He proved too slow, however, and Lee and his
beaten Confederate soldiers escaped. President Lincoln was
inexpressibly grieved at this, and in the first bitterness of his
disappointment sat down and wrote General Meade a letter. Lee
"was within your easy grasp," he told him, "and to have closed
upon him would, in connection with our other late successes, have
ended the war. As it is, the war will be prolonged indefinitely.

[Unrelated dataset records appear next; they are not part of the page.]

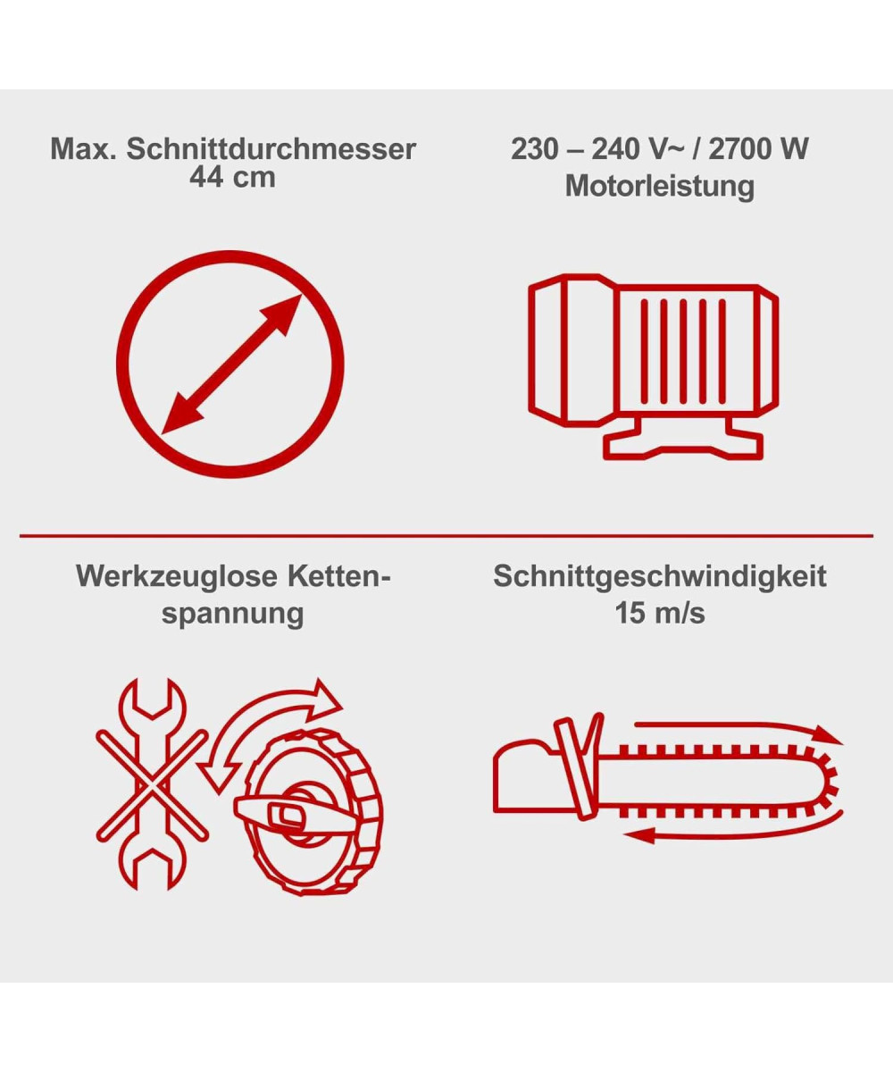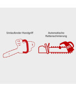 Die Kettenschmierung erfolgt automatisch, sodass man sich darüber während der Arbeit keine Gedanken machen muss. Auch lässt sich die Kette jederzeit und ohne Werkzeug über ein Stellrad und das KettenSchnellspann-System nachspannen. Dadurch erreicht die CSE2700 eine hohe Flexibilität trotz Elektroanschluss.
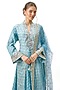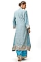 Featuring a blue front-open kurta in cotton silk base with zari and sequins embroidery. It is paired with linen satin palazzo pants and a net tikki dupatta. Accentuate it with statement jewellery and embellished heels for a festive occasion.
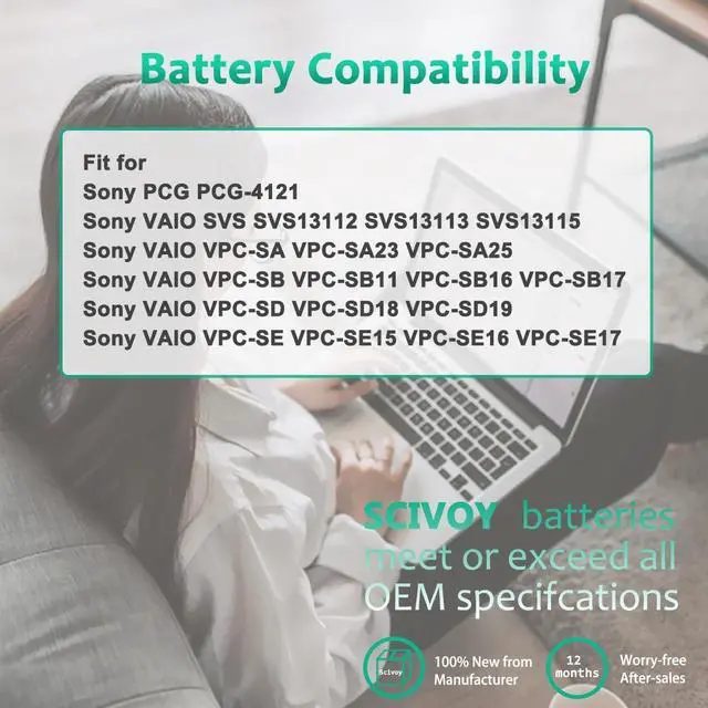 GUARANTEED FIT THESE LAPTOP MODELS:Compatible with Sony PCG PCG-41215L, PCG-41216L PCG-41216W PCG-41217 PCG-41217L PCG-41414M; Sony VAIO SVS SVS13112EGB, SVS13112EHW, SVS13112ENB, SVS13113FW; Sony VAIO VPC-SA VPC-SA23GW/BI, VPC-SA23GW/T, VPC-SA25EC, VPC-SA25EC/SI; Sony VAIO VPC-SB VPC-SB11FX/B, VPC-SB11FX/W, VPC-SB11FXB, VPC-SB16FG; Sony VAIO VPC-SD VPC-SD18EC, VPC-SD18EC/B, VPC-SD18EC/L, VPC-SD18EC/P; Sony VAIO VPC-SE VPC-SE15FG/B, VPC-SE15FH/B, VPC-SE16FW/B,VPC-SE16FW/S.
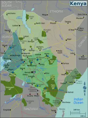 WARNING: Due to risks of kidnapping, cross-border violence, and banditry, travelling within 110 kilometres (68 mi) of the borders between Kenya and Ethiopia, Somalia, or South Sudan is not safe. |
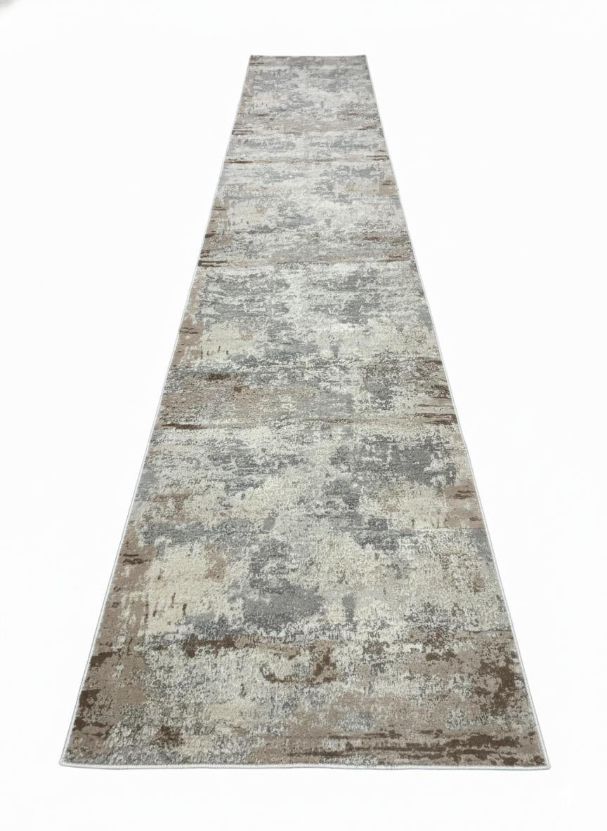 This runner carpet features a modern abstract design with softly blended neutral tones, creating a versatile and timeless look. The distressed pattern adds visual depth and texture while maintaining a calm, understated aesthetic that complements both contemporary and classic interiors. Finished with subtle fringe detailing at the edges, it brings a touch of artisanal character and warmth to any space. Ideal for hallways, entryways, kitchens, or narrow living areas, this runner offers a perfect balance of style, comfort, and everyday practicality.
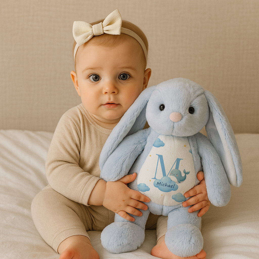 • Custom Bunny Plush – Personalize your gift with your choice of font, color, and a cute icon to make it truly one of a kind. The high-quality print is durable and securely stitched, so it stays beautiful even through all your baby's play and snuggles.
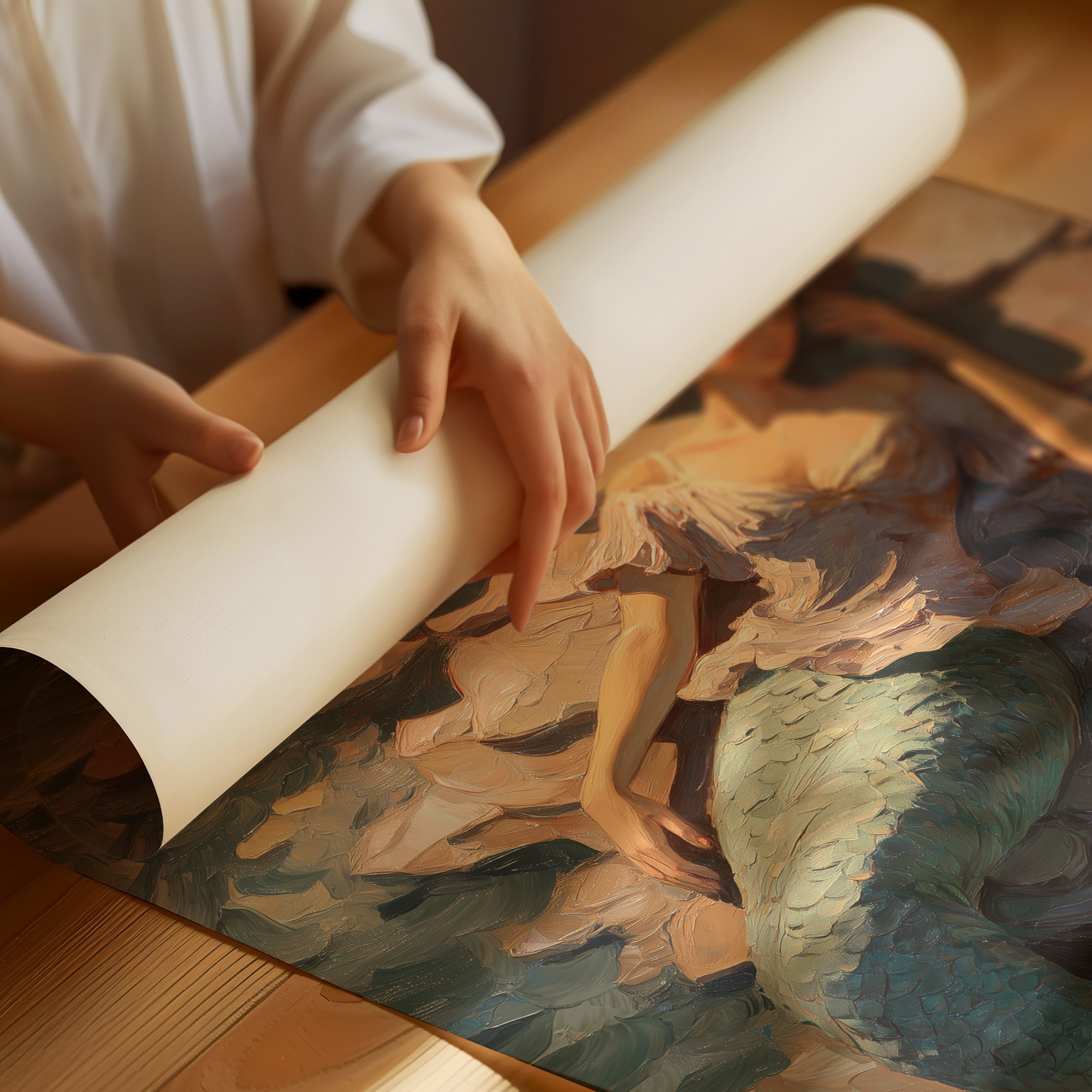 Warm golden tones contrasted with cool teals, the painterly style features expressive brushwork and a dreamlike quality, capturing the essence of fantasy and folklore. The interplay between the completed painting and its exposed framework creates an interesting meta-commentary on the art creation process.
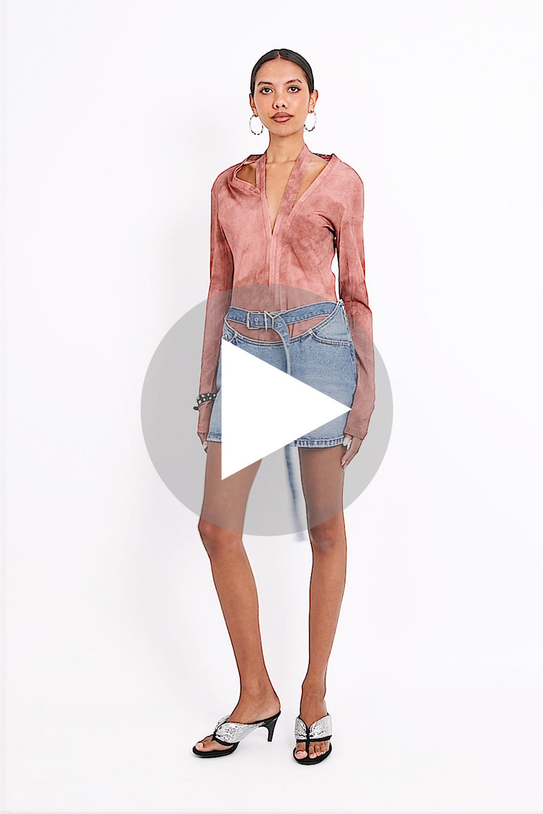 DENIM MINI SKIRT Y-BELT ARC CUT OUT | FADED BLUE
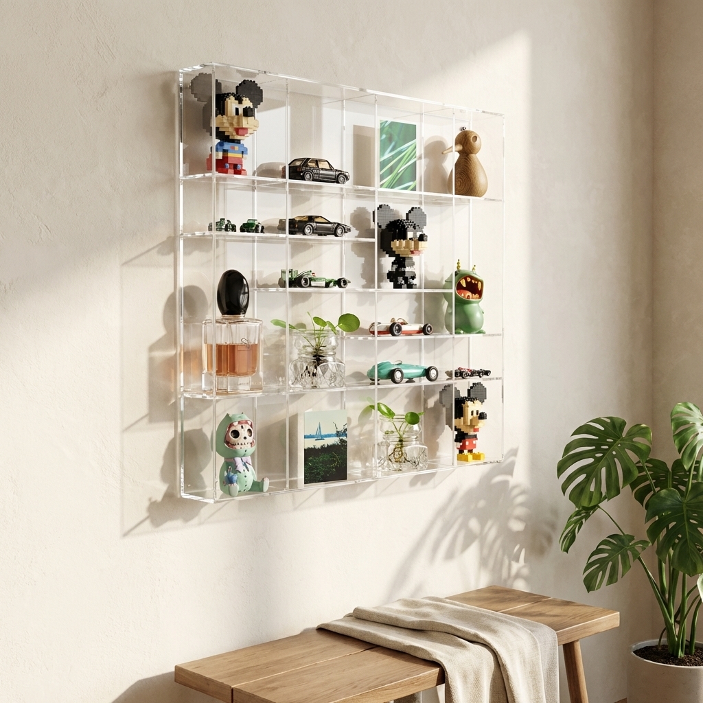 Sættekasse lavet i klar akryl med masser af små rum. Perfekt til at sætte alle de små og finurlige pyntegenstande pænt op i.

. . . Your golden opportunity is gone and I am distressed
immeasurably because of it." But Meade never received this
letter. Deeply as the President felt Meade's fault, his spirit of
forgiveness was so quick, and his thankfulness for the measure of
success that had been gained, so great, that he put it in his
desk, and it was never signed or sent.
The battle of Gettysburg was indeed a notable victory, and
coupled with the fall of Vicksburg, which surrendered to General
Grant on that same third of July, proved the real turning-point
of the war. It seems singularly appropriate, then, that
Gettysburg should have been the place where President Lincoln
made his most beautiful and famous address. After the battle the
dead and wounded of both the Union and Confederate armies had
received tender attention there. Later it was decided to set
aside a portion of the battlefield for a great national military
cemetery in which the dead found orderly burial.